Without further action, by 2017 the total carbon dioxide (CO2) emissions compatible with the 2°C goal will be "locked in" by power plants, factories and other carbon-emitting sources either built or planned, the IEA said.
Global infrastructure already accounts for more than 75% of that limit.
To meet energy needs while still averting climate catastrophe, governments must engineer a shift away from carbon-intensive fossil fuels, the agency said bluntly.
"As each year passes without clear signals to drive investment in clean energy, the 'lock-in' of high-carbon infrastructure is making it harder and more expensive to meet our energy security and climate goals," said IEA chief economist Fatih Birol.

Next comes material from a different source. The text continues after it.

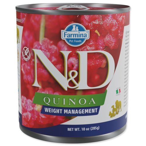 Kompletní vlhké krmivo pro dospělé psy. Farmina N&D Quinoa Weight Management je krmivo pro zvláštní účely výživy psů určené ke snížení nadměrné tělesné váhy.

The report outlines two scenarios for future energy consumption and emissions of greenhouse gases.
A "new policies" scenario incorporates existing government promises into a projection up to 2035.
A "450 scenario" lays out a timetable for curbing carbon emissions so that atmospheric concentration of CO2 stays under 450 parts per million (ppm), roughly equivalent to the 2°C target.

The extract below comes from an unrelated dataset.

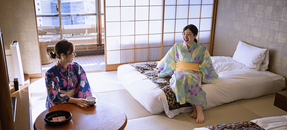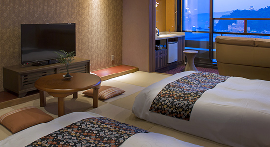 最上階フロアに位置するデラックスルームは熱海の海と街並みが一望できる特別なロケーションのお部屋です。夜はブルーにライトアップされた砂浜、きらびやかな熱海の夜景をお楽しみいただけます。シモンズ社製のベットマットが極上のくつろぎを約束するツインタイプ。伝統的な和室の設えで居心地の良さが好評のお部屋で、カップル・ご夫婦様にご好評いただいております。

The current level is about 390ppm.
Even taking into account current commitments, CO2 emitted over the next 25 years will amount to three-quarters of the total emitted since 1900, leading to a 3.5°C average increase in temperature since that date.
Business-as-usual emissions would put the world "on an even more dangerous track toward an increase of 6°C", the report says.
Scientists who have modelled the impacts on biodiversity, agriculture and human settlement say a 6°C world would be close to unliveable due to violent extremes of drought, flooding, heat waves and storms.
The planet's average temperature has risen by about 1°C over the last century, with forecasts for future warming ranging from an additional 1°C to 5°C by 2100.
The report forecasts a one-third jump in primary energy demand by 2035, with 90% of this growth in developing economies.
Half of that demand will likely be met by increased use of coal, the most carbon-intensive of all major fossil fuels.
China - already the world's top coal consumer - is on track to use nearly 70% more energy than the US by that date, it says.
Even under the "new policies" scenario progress toward a low-carbon economy will be halting.
The share of fossil fuels in global primary energy consumption falls from around 81% today to 75% in 2035, while renewables increase from 13% of the mix today to 18%.
This scenario already assumes a huge boost in subsidies for renewables, from $64bn today to $250bn in 2035.
"One wonders how many more worrying figures the world needs," said Connie Hedegaard, the European Union's climate commissioner.
The report "shows that the world is heading for a fossil-fuel lock-in. This is another urgent call to move to a low-carbon economy," she said in a statement.
Setting a global price on carbon, slashing fossil fuel subsidies, boosting renewable energy and energy efficiency and revised tax codes are all tools for achieving that end, she added.